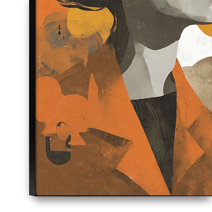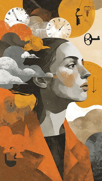 A surreal digital art portrait featuring floating keys and clocks in a calm, poetic composition. Modern flat editorial illustration style with bold flat colors, soft vintage grain texture, clean vector shapes, minimal shading, warm earthy palette, and abstract surrealism. Perfect for poster illustration and wall art lovers seeking…
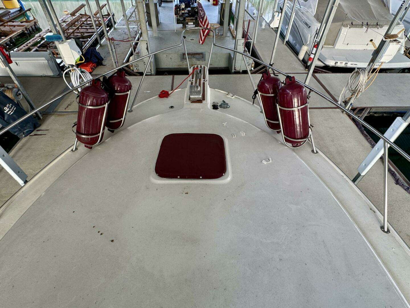 Looking towards the bow from the cockpit you've got a removable ladder for accessing the flybridge that's equipped with a bimini top, sitting and cupholders for 6, a hailer with an intercom to the cabin below, and more. You've got handrails integrated into the exterior sides of the flybridge for accessing the bow area where you'll find a lewmar windlass anchor, an integrated washdown in the anchor locker, and 4 fender holders with fenders.
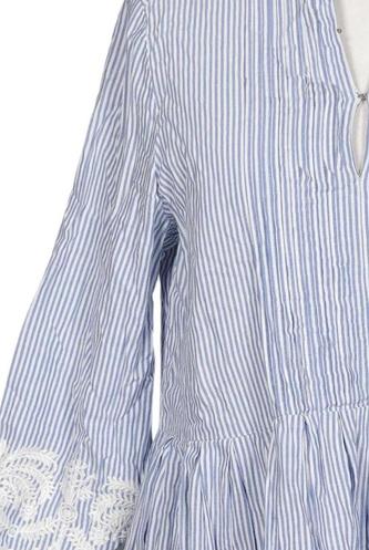 | Détails | Broderie, Dentelles, Broderie anglaise, Manches trois-quarts, Encolure en V, Rayures |
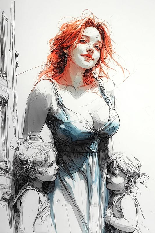 Теперь вся серия проиллюстрирована в едином стиле карандашной графики. Чёрно-белой. Исключение — рыжие. Они рыжие. Им можно.

========

Would you return the data exactly as written, without the pictures?

OUTPUT FOR THIS EXERCISE:
 A surreal digital art portrait featuring floating keys and clocks in a calm, poetic composition. Modern flat editorial illustration style with bold flat colors, soft vintage grain texture, clean vector shapes, minimal shading, warm earthy palette, and abstract surrealism. Perfect for poster illustration and wall art lovers seeking…
 Looking towards the bow from the cockpit you've got a removable ladder for accessing the flybridge that's equipped with a bimini top, sitting and cupholders for 6, a hailer with an intercom to the cabin below, and more. You've got handrails integrated into the exterior sides of the flybridge for accessing the bow area where you'll find a lewmar windlass anchor, an integrated washdown in the anchor locker, and 4 fender holders with fenders.
 | Détails | Broderie, Dentelles, Broderie anglaise, Manches trois-quarts, Encolure en V, Rayures |
 Теперь вся серия проиллюстрирована в едином стиле карандашной графики. Чёрно-белой. Исключение — рыжие. Они рыжие. Им можно.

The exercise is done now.